SpringCrkAromas said:


> Ohio and 860000.00 I'm out. Nice looking place though.


That brings up a good point....I've been planning ahead about how long I can resonabley expect to live on my property. I built it myself 5 yrs ago, but now in my 70s, I couldn't repeat that. The driveway is long & steep & gravel-- kind of a PITA to keep cleared in the winter. Procurring & burning firewood requires a bit of activity difficult for the elderly or crippled.

40 ac of pasture & woods situated straddling a valley, it has a beautiful panorama....But it's valued at ~$500,000-- How many buyers interested in living a homestead-type lifestyle can afford that?


----------



## Pony (Jan 6, 2003)

doc- said:


> That brings up a good point....I've been planning ahead about how long I can resonabley expect to live on my property. I built it myself 5 yrs ago, but now in my 70s, I couldn't repeat that. The driveway is long & steep & gravel-- kind of a PITA to keep cleared in the winter. Procurring & burning firewood requires a bit of activity difficult for the elderly or crippled.
> 
> 40 ac of pasture & woods situated straddling a valley, it has a beautiful panorama....But it's valued at ~$500,000-- How many buyers interested in living a homestead-type lifestyle can afford that?


Around here, a lot of refugees from Kalifornia are paying that kind of money.


----------



## 67drake (May 6, 2020)

Pony said:


> Around here, a lot of refugees from Kalifornia are paying that kind of money.


We don’t want them here.


----------



## Danaus29 (Sep 12, 2005)

That area is funny when it comes to farmland prices.
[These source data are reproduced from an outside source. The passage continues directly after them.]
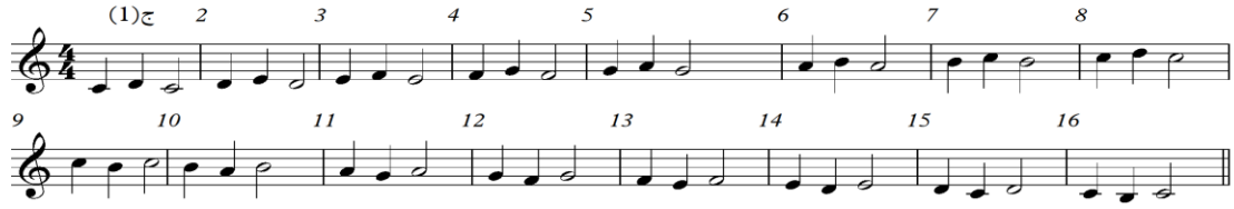
شكل رقم (٢) التدريب الأول

من مازورة (١) : مازورة (١٦) كما هو موضح في الشكل الآتي رقم (٢) :
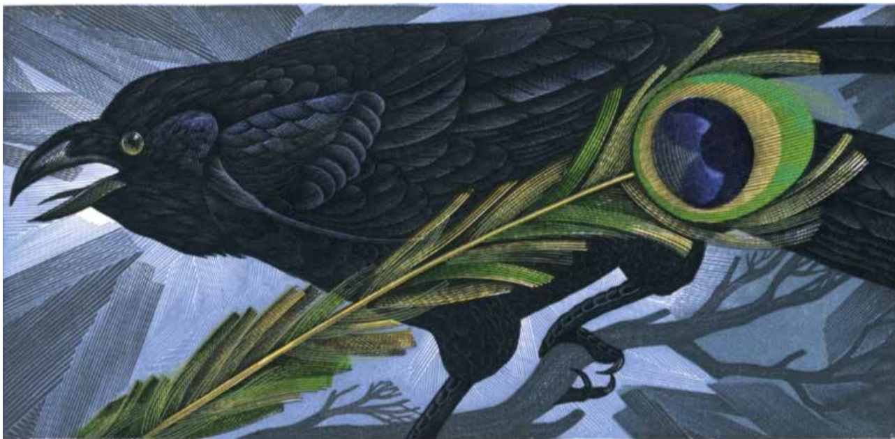
Рис. 8. Пугачевський А. «Павич». Кольорова гравюра на пластику. 2001 р.

проведення персональних виставок, запрошеннями. Але у себе на Батьківщині він і сьогодні залишається ще не відкритим для широкого загалу, не оціненим повною мірою, мало відомим. На жаль, історія мало чому вчить – митці, як і раніше, часто залишаються неоціненими у себе на Батьківщині, тоді як зарубіжний культурний простір віддає належне їх таланту. Таке ставлення до культурної еліти у державі завжди спричиняло відтік мистецької спільноти за кор-
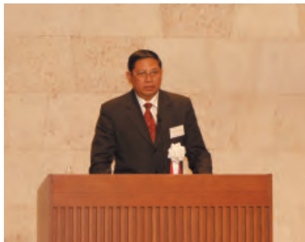
スシロ・バンバン・ユドヨノ インドネシア共和国大統領 (当時: 政治・社会・治安担当調整大臣) 第15回国際セミナー
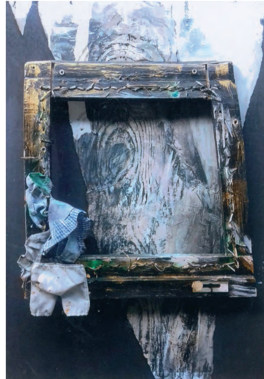
Objekt Stuhl, 70 x 50 cm
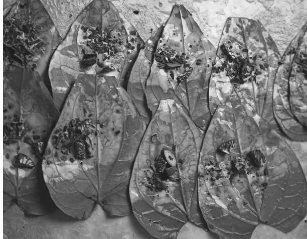
<그림 2> 석회를 바른 구장잎과 빈랑열매

필리핀의 가톨릭교회, 인도네시아와 말레이시아의 이슬람 성직자, 베트남의 유교적 정부의 가치 판단에 의해, 그리고 지난 1세기간 산업화와 도시화의 물결에 동남아시아 사회의 도처에서 오늘날 거의 사라졌다. 그러나 주술적 목적을 갖는 이 관습은 동남아시아 토착인들 사이에서 과거에 광범위하게 행해졌으며(Reid 1988, 77-79; Turton 1987, 366), 지금도 태국과 미얀마 등의 나라에서는 농촌에서 문신을 한 사람을 종종 볼 수 있다. 빈랑열매를 구장잎과 석회와 함께 씹는 소위 ‘빈랑 문화’(Reid 1988, 42-44; Umemoto 1983)와 치아를 검게 물들이는 습속(Huard and Durand 1994, 216)은 오늘날 도시 지역과 농촌의 대부분 지역에서 찾아보기 힘들지만, 이들 역시 동남아시아의 토착적 문화에 속한다.

I saw a little piece, abt 20 acres, sell for over $300,000. No house, no well, no septic. Tillable land there has been stupid expensive for years. Most houses in that area are not that big or fancy. The price of the outbuildings plays into the price too. A nice workshop can easily be worth more than the house.

It has only 2 bedrooms according to the auditor.


----------



## Pony (Jan 6, 2003)

67drake said:


> We don’t want them here.


<shrug> 

If you make sure they know the ins and outs of the area, set a good example by being a good neighbor, and make sure they know that they're refugees (not missionaries), it can work out just fine.

Most of them are good folk, and really don't want to Kalifornicate the area.


----------